The shardmap diagram is good conceptually, but it would be useful
to add a legend on the empty side of the diagram that shows the on-disk
structures.

> 
> This needs some explaining. The bottom part of the directory file is
> a simple linear range of directory blocks, with a freespace map block
> appearing once every 4K blocks or so. This freespace mapping needs a
> post of its own, it is somewhat subtle. This will be a couple of posts
> in the future.
> 
> The Shardmap index appears at a higher logical address, sufficiently
> far above the directory base to accommodate a reasonable number of
> record entry blocks below it. We try not to place the index at so high
> an address that the radix tree gets extra levels, slowing everything
> down.
> 
> When the index needs to be expanded, either because some shard exceeded
> a threshold number of entries, or the record entry blocks ran into the
> the bottom of the index, then a new index tier with more shards is
> created at a higher logical address. The lower index tier is not copied
> immediately to the upper tier, but rather, each shard is incrementally
> split when it hits the threshold because of an insert. This bounds the
> latency of any given insert to the time needed to split one shard, which
> we target nominally at less than one millisecond. Thus, Shardmap takes a
> modest step in the direction of real time response.
> 
> Each index tier is just a simple array of shards, each of which fills
> up with 8 byte entries from bottom to top.
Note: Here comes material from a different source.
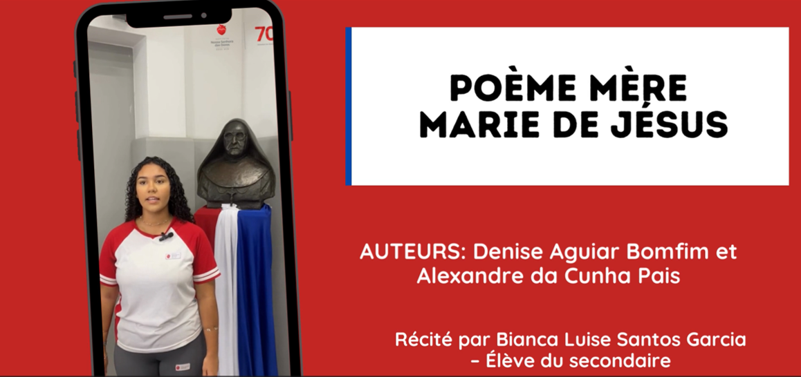 Le beau poème « Mère Marie de Jésus » écrit par Denise Aguiar Bomfim et Alexandre da Cunha Pais, récité avec beaucoup d’émotion par Bianca Luise Santos Garcia, est un remerciement à notre Fondatrice pour son engagement en faveur de l’éducation.

The count of entries in each
> shard is stored separately in a table just below the shard array. So at
> shard load time, we can determine rapidly from the count table which
> tier a given shard belongs to. There are other advantages to breaking
> the shard counts out separately having to do with the persistent memory
> version of Shardmap, interesting details that I will leave for later.
> 
> When all lower tier shards have been deleted, the lower tier may be
> overwritten by the expanding record entry block region. In practice,
> a Shardmap file normally has just one tier most of the time, the other
> tier existing only long enough to complete the incremental expansion
> of the shard table, insert by insert.
> 
> There is a small header in the lowest record entry block, giving the
> positions of the one or two index tiers, count of entry blocks, and
> various tuning parameters such as maximum shard size and average depth
> of cache hash collision lists.
> 
> That is it for media format. Very simple, is it not? My next post
> will explain the Shardmap directory block format, with a focus on
> deficiencies of the traditional Ext2 format that were addressed.
> 
> Regards,
> 
> Daniel


Cheers, Andreas